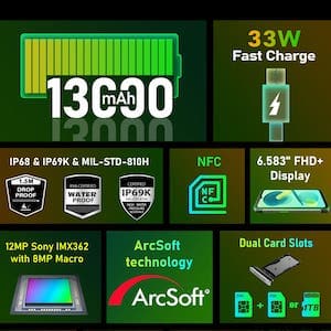 Az Oscal bemutatja új, strapabíró telefonját, az Oscal S80-at 13.000 mAh-es akkumulátorral és 33W-os gyorstöltéssel.
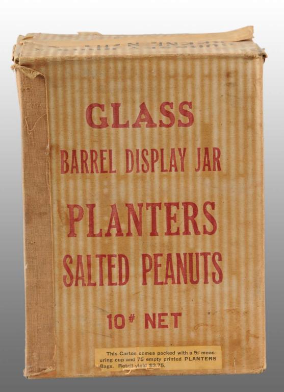 1930s. Display jar and lid have no chips or cracks with rectangular label on jar in perfect condition. Includes original shipping box and the running Mr. Peanuts contain some silver overlay paint. Condition (Near Mint). Size 12" x 8".
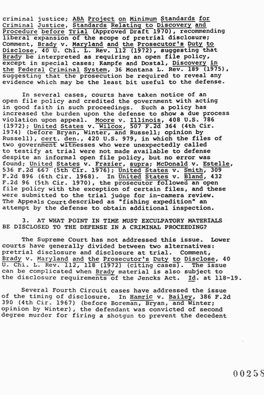 | RE: | The Prosecutor's Duty to Disclose Exculpatory Materials in the Fourth Circuit and Other Criminal Discovery Issues relating to United States v. MacDonald, CR-75-1870 |
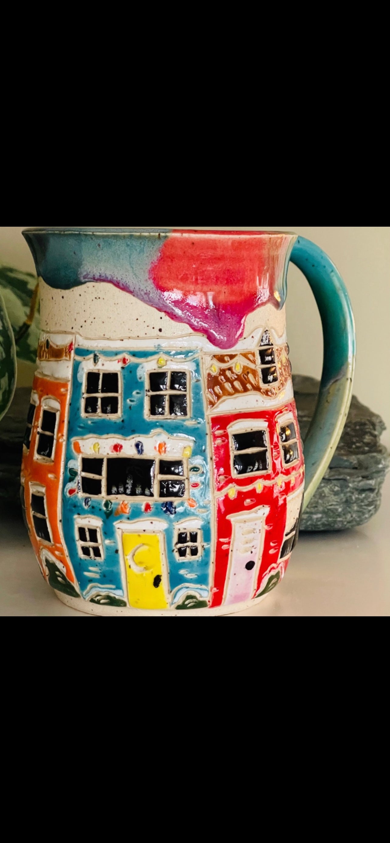 Colourful rim and liner, exact combo will vary. Mug shape may vary slightly. You are ordering a made to order, functional piece of art. Each piece is unique and one of a kind.
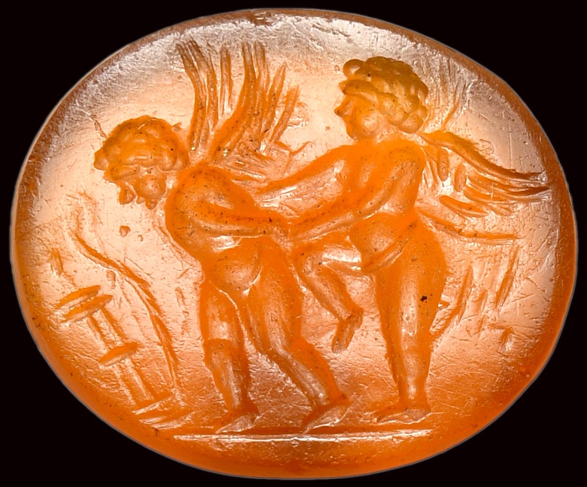 A roman carnelian intaglio. Eros and Anteros.
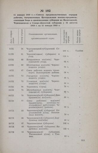 11 января 1919 г. — Список продовольственных отрядов рабочих, направленных Центральным военно-продовольственным бюро в производящие губернии из Вологодской, Череповецкой и Северо-Двинской губерний о 25 августа 1918 г. по 11 января 1919 г.
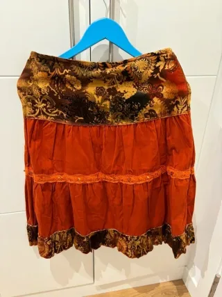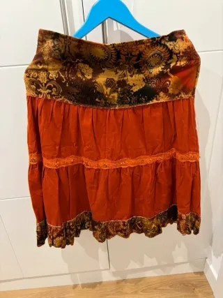 Falda de estilo vintage con un diseño único.Falda de estilo boho con un diseño vibrante y detalles únicos. Preciosa falda larga talla M-L de panilla color naranja y marrón . Contorno cintura 76 cm , largo 68 cm. - Cintura elástica con estampado floral. - Varios volantes y detalles de encaje. - Bajo con estampado floral.
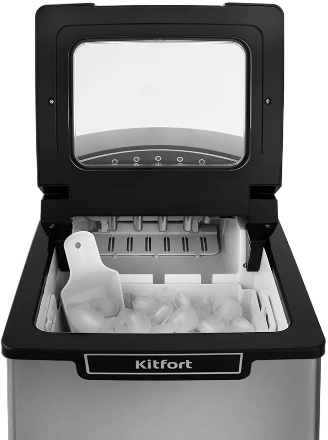 Ледогенератор Kitfort KT-1807 – прибор, который быстро генерирует лёд за 6 -13 мин. Его можно использовать дома для приготовления охлаждённых напитков или для охлаждения жидкостей.
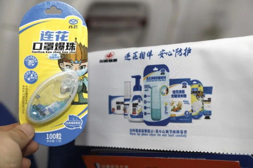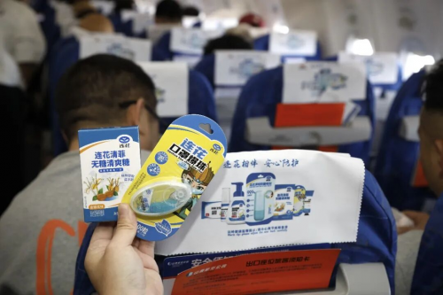 航班进入平飞阶段,常规服务结束后,客舱里响起了乘务员温暖而清晰的声音,欢迎乘坐本次主题航班,正式拉开了云端健康关怀的序幕。一份份承载着关爱的小礼物——由以岭健康提供的连花润喉糖与口罩爆珠,送到了每一位旅客手中。润喉糖的清甜滋润着旅途的疲惫,口罩爆珠的清新则悄然构筑起一道无形的防护屏障,细微之处尽显对旅客健康无微不至的考量。
————————
▶ **TASK BRIEF**: Could you copy, exactly and with no pictures, each line from the first one above to the line holding "1930s. Display jar"?

▶ **COMPLETED TASK**:
 Az Oscal bemutatja új, strapabíró telefonját, az Oscal S80-at 13.000 mAh-es akkumulátorral és 33W-os gyorstöltéssel.
 1930s. Display jar and lid have no chips or cracks with rectangular label on jar in perfect condition. Includes original shipping box and the running Mr. Peanuts contain some silver overlay paint. Condition (Near Mint). Size 12" x 8".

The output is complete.